In relation to the potential conflict and the need to balance the position between those Articles, Mr Warby referred me to paragraph 52 of the Supreme Court's judgment in Re Guardian News and Media [2010] 2 AC 697, a passage which the judge did not mention in his judgment but which, as is apparent from the skeleton below, was specifically advanced before the judge as demonstrating what the right test is. Mr Warby submits that the right test is taken from that paragraph, with a consequential adaptation to the circumstances of this case, in which of course there can be no question of anonymity because the whole debate about sovereign immunity depends on knowing who the Princes are and what their status is, but Guardian News and Media was a case about anonymity. This is not a case about anonymity. If you cannot achieve anonymity, the converse, the alternative means of protection, is to prevent the ventilation of the subject matter of the allegations. As I say, Mr Warby submitted that the right test adapted from what was said in Guardian News and Media is whether there is sufficient general public interest in reporting of the proceedings including an account of the nature and substance of the allegations as to justify the resulting curtailment of the rights of the individual appellant and the rights of their families to respect for their private life. That is not a question that the judge asked himself. He did refer to, indeed he quoted at length an earlier passage from, Re Guardian News and Media from the judgment of Lord Rodger, but he did not pose himself the question, adapted from paragraph 52, in that or any equivalent form.
Mr Warby therefore submits that that is an error of law, a misdirection, and that, taken with the judge's wrong application of what was in effect a summary judgment test at this stage rather than an interim protection test as it should have been, he argues that the judge did misdirect himself in law and that there are therefore good arguable grounds for appeal.
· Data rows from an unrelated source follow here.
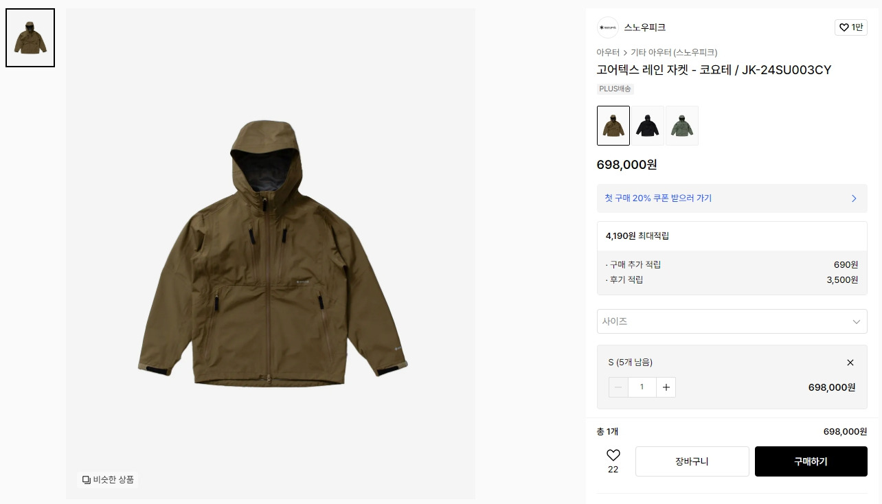 ( Snow Peak-GORE-TEX Rain Jacket in Coyote ).
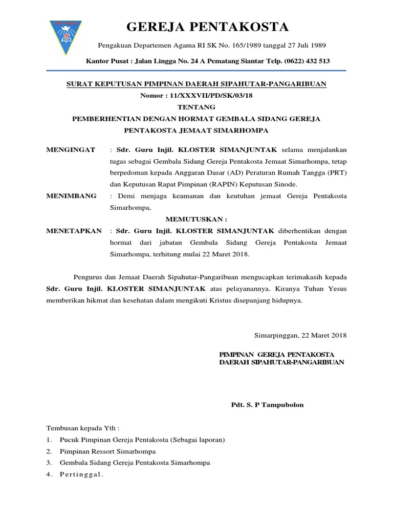 Yang menurut surat keterangan. Bagi anda yang menepati posisi personalia di suatu perusahaan surat pemberhentian kerja bukan termasuk surat yang asing. Berdasarkan poin 1 dan 2 dipandang perlu menerbitkan surat keputusan pemberhentian dengan hormat sebagai guru tetap yayasan di lingkungan yayasan sabilirrasyad telagawar yang ditetapkan dalam sebuah keputusan ketua yayasan sabilirrasyad telagawaru. Contents1 mengenal 5 jenis surat pemberhentian kerja 2 contoh surat pemberhentian kerja. Jika perusahaan kelebihan karyawan maka bisa memberikan surat pemberhentian kerja dengan hormat. Pemberhentian pemberhentian dengan hormat permintaan sendiri telah mencapai usia pensiun meninggal dunia adany penyederhanaan organisasi perusahaan tidak cakap jasmani atau rohani pemberhentian dengan tidak hormat melakukan pelanggaran atau kejahatan terlibat dalam perbuatan.
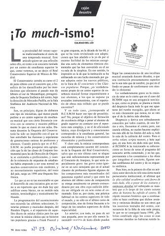 El presente artículo fue redactado para el número 23 (octubre-noviembre de 2000) de la revista Doce Notas, donde fue publicado en la sección "Cajón de sastre" bajo el tan desafortunado como incorrecto título "To much-ismo", de forma incompleta y bajo el seudónimo "Calidad del Lío".
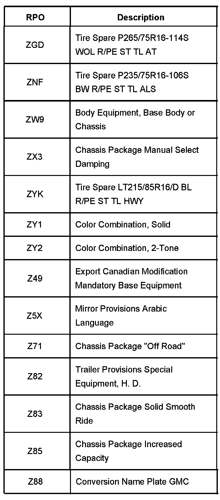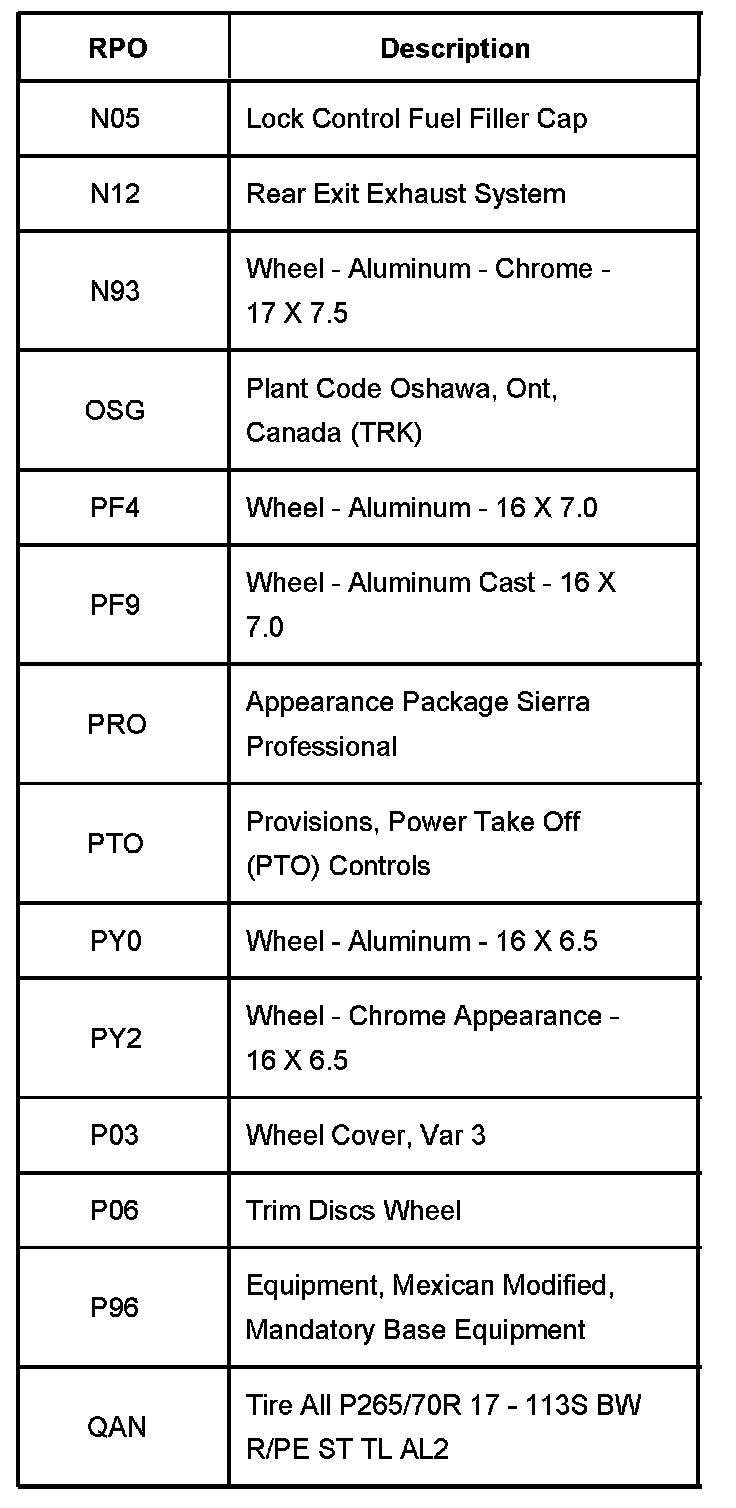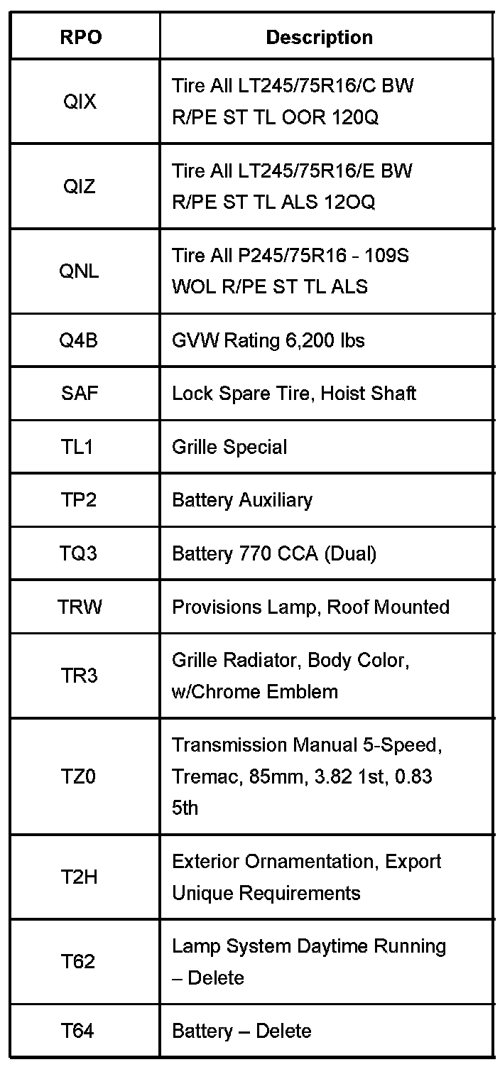 RPO Code List Part 13:

He would say, even if there were not, that there is a compelling reason to allow the appeal to proceed because of the importance of the point.
I have been troubled by this case. I have read various substantial documentation and I have read carefully into it, although I would say in terms that I have not looked beyond the terms of the confidential schedule into the nature or details of the allegations. I am conscious that in the timetable of the proceedings that I have mentioned it will be quite a demand on the parties and the court to squeeze in yet another appeal to this court, but that is not a factor that ought to weigh against the grant of permission if reasonable grounds of appeal have been shown or a compelling reason for the appeal to proceed has been shown. In my judgment, on balance Mr Warby's submissions are justified and I therefore propose to grant permission to appeal to the appellants against Morgan J's decision. The grounds of appeal are set out over some 14 paragraphs. I think it is fair to say that some of them are more cogent than others, but it does not seem to me that it will be useful to distinguish between those grounds and to grant permission on some and to refuse it on others.
For those reasons I will grant permission to appeal. It is clearly necessary that the appeal should proceed on an expedited basis and I will hear submissions both from Mr Warby and, if he wishes, from Mr Lightman as to that and as also to the interaction between this appeal and the appeal from Vos J.